先讓大家每個人各自是不同的 Group ,再透過兩人兩人相同的關係讓他們變成同樣的 Group ,再計算總共有幾個不同的 Group 即可得解。

作法參考:Programming學習筆記-UVa 10583 Ubiquitous Religions

C++(0.060)

/*******************************************************/
/* UVa 10583 Ubiquitous Religions                      */
/* Author: Maplewing [at] knightzone.org               */
/* Version: 2018/05/14                                 */
/*******************************************************/
#include <iostream>
#include <cstdio>
#include <cstdlib>
#include <vector>
using namespace std;

int findRootGroup(vector<int> &groups, int x){
  if(x == groups[x]){
    return x;
  }

  return groups[x] = findRootGroup(groups, groups[x]);
}

bool unionGroups(vector<int> &groups, int x, int y){
  int rootX = findRootGroup(groups, x);
  int rootY = findRootGroup(groups, y);

  if(rootX == rootY){
    return false;
  }

  groups[rootX] = groups[rootY];
  return true;
}

int main(){
  int caseNumber = 1;
  int n, m;
  while(scanf("%d%d", &n, &m) != EOF &&
      n != 0 && m != 0){
    vector<int> groups(n+1, 0);
    for(int i = 1 ; i <= n ; ++i){
      groups[i] = i;
    }

    int groupCount = n;
    for(int religionCase = 0 ; religionCase < m ; ++religionCase){
      int i, j;
      scanf("%d%d", &i, &j);

      if(unionGroups(groups, i, j)) --groupCount;
    }

     printf("Case %d: %d\n", caseNumber++, groupCount);
  }

  return 0;
}

#UVa:11849-CD

比較兩個已排序的序列其共同的部分有多少即可得解。

C++(0.470)

/*******************************************************/
/* UVa 11849 CD                                        */
/* Author: Maplewing [at] knightzone.org               */
/* Version: 2018/05/14                                 */
/*******************************************************/
#include <iostream>
#include <cstdio>
#include <vector>
using namespace std;

int main(){
  int N, M;
  while (scanf("%d%d", &N, &M) != EOF &&
       N != 0 && M != 0){
    vector<int> nCDs(N, 0);
    vector<int> mCDs(M, 0);

    for (int i = 0 ; i < N ; ++i ){
      scanf("%d", &nCDs[i]);
    }

    for (int i = 0 ; i < M ; ++i ){
      scanf("%d", &mCDs[i]);
    }

    int bothOwnCount = 0;
    for (int i = 0, j = 0 ; i < N && j < M ; ){
      if(nCDs[i] == mCDs[j]){
        ++bothOwnCount;
        ++i;
        ++j;
      }
      else if(nCDs[i] > mCDs[j]) ++j;
      else ++i;
    }

    printf("%d\n", bothOwnCount);
  }
  return 0;
}

#UVa:820-Internet Bandwidth

Maximum Flow 的經典題型。可以使用 Maximum Flow 的演算法(像是 Ford-Fulkerson Algorithm 或是 Edmonds-Karp Algorithm)解決。
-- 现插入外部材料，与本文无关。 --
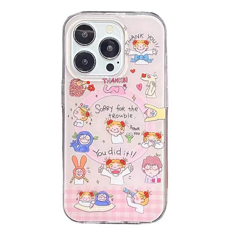 Divertida chica de dibujos animados para Apple 15/16promax nicho 13 femenino 14 nuevo soporte giratorio magnético 15p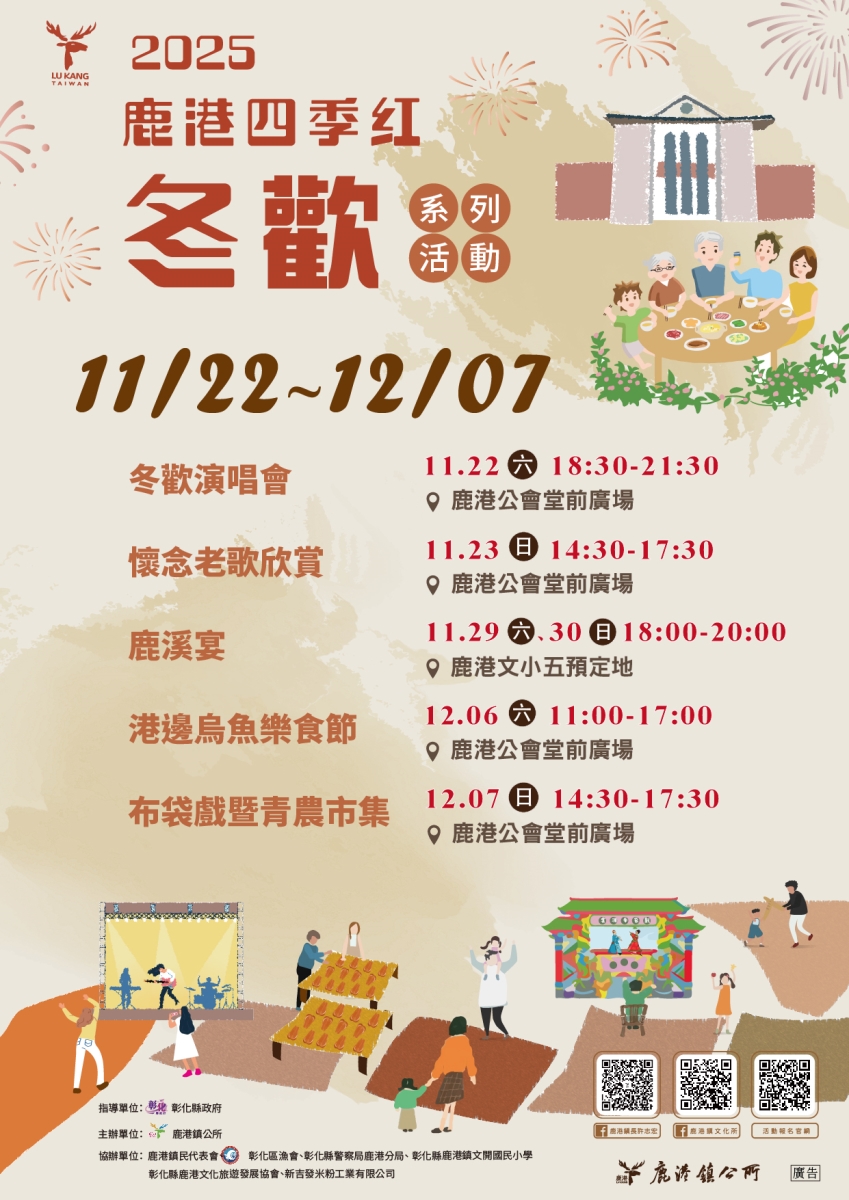 啟動拉~ 11/22(六)至12/7(日)活動精彩不間斷😍 在2025冬天~鹿港一系列有趣又歡樂的活動帶給大家,想知道相關活動請往下看下去唷!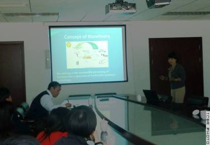 博士从生物炼制(biorefinery)的概念与特点切入,介绍了以可再生的生物质资源替代不可再生资源,实现工业模式从煤、石油炼制向生物炼制转变这一新型化工模式发展的现状。中心科研人员就农林剩余物为原料开展生物炼制技术应用研究等方面的问题进行了热烈的讨论。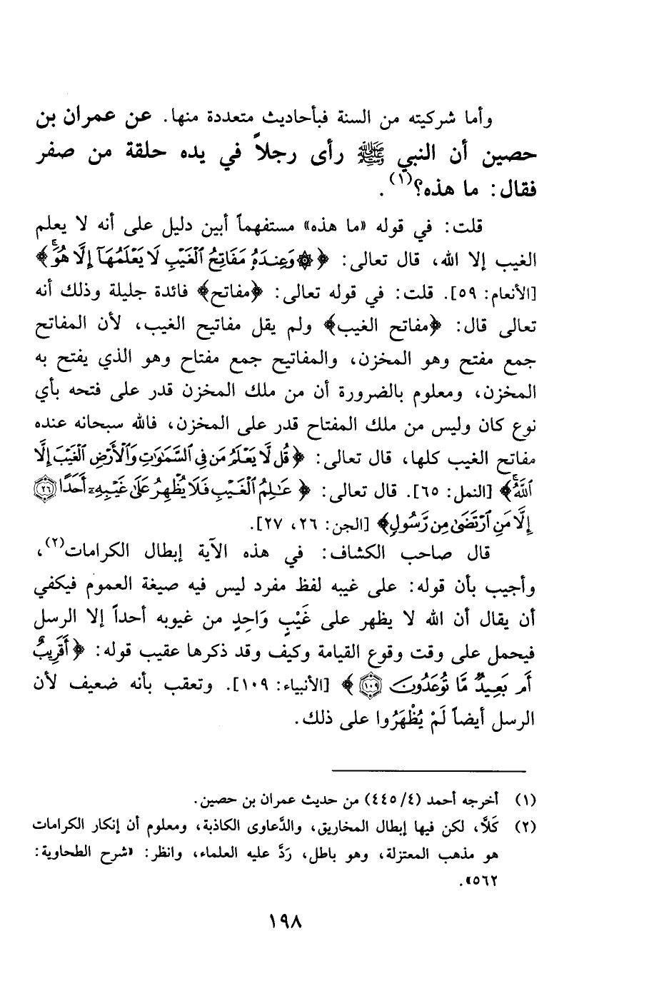 2 كَلاًّ، لكن فيها إبطال المخاريق، والدَّعاوي الكاذبة، ومعلوم أن إنكار الكرامات هو مذهب المعتزلة، وهو باطل، ردَّ عليه العلماء، وانظر: "شرح الطحاوية: 562".

P.S. 題目中,給予 a 到 b 的 bandwidth 的部分 a b bandwidth 有可能會給予好幾組相同的 a, b ,故要全部加總起來去做運算。

參考:Programming學習筆記 – UVa 820 Network Bandwidth

C++(0.010)

/*******************************************************/
/* UVa 820 Internet Bandwidth                          */
/* Author: Maplewing [at] knightzone.org               */
/* Version: 2018/05/14                                 */
/*******************************************************/
#include <iostream>
#include <cstdio>
#include <cstdlib>
#include <vector>
#include <queue>
using namespace std;

const int FLOW_MAX_VALUE = 10000000;

int getMaxFlow(const vector<vector<int>> &capacity, int s, int t, int n){
  int result = 0;
  vector<vector<int>> flow(n+1, vector<int>(n+1, 0));
   while(true){
     vector<int> bottleneck(n+1, 0);
     bottleneck[s] = FLOW_MAX_VALUE;
     queue<int> bfsQueue;
     bfsQueue.push(s);

     vector<int> previousNode(n+1, 0);

     while(!bfsQueue.empty() && bottleneck[t] == 0){
       int current = bfsQueue.front();
       bfsQueue.pop();
       for(int next = 1; next <= n ; ++next){
         if(bottleneck[next] == 0 && capacity[current][next] > flow[current][next]){
           bfsQueue.push(next);
           previousNode[next] = current;
           bottleneck[next] = min(bottleneck[current], capacity[current][next] - flow[current][next]);
         }
       }
     }

    if(bottleneck[t] == 0) break;   
     for(int current = t; current != s; current = previousNode[current]){
       flow[previousNode[current]][current] += bottleneck[t];
       flow[current][previousNode[current]] -= bottleneck[t];
     }

     result += bottleneck[t];
   }

   return result;
}

int main(){
  int testcase = 1;
  int n;
  while(scanf("%d", &n) != EOF && n != 0){
    vector<vector<int>> capacity(n+1, vector<int>(n+1, 0));

    int s, t, c;
    scanf("%d%d%d", &s, &t, &c);

    int a, b, bandwidth;
    for(int i = 0 ; i < c ; ++i){
      scanf("%d%d%d", &a, &b, &bandwidth);
      capacity[a][b] += bandwidth;
      capacity[b][a] += bandwidth;
    }

    printf("Network %d\n", testcase++);
    printf("The bandwidth is %d.\n\n", getMaxFlow(capacity, s, t, n));
  }

  return 0;
}

#UVa:10613-Mushroom Misery

將方格以 y 軸整數窮舉,對於每一個 y 找出每個圓在此 y 上所佔的 x 範圍為多少,得到所有 x 範圍後合併出來並計數即可得到該 y 行方格被佔掉幾格,窮舉完後再加總就可以得到全部所佔的方格數。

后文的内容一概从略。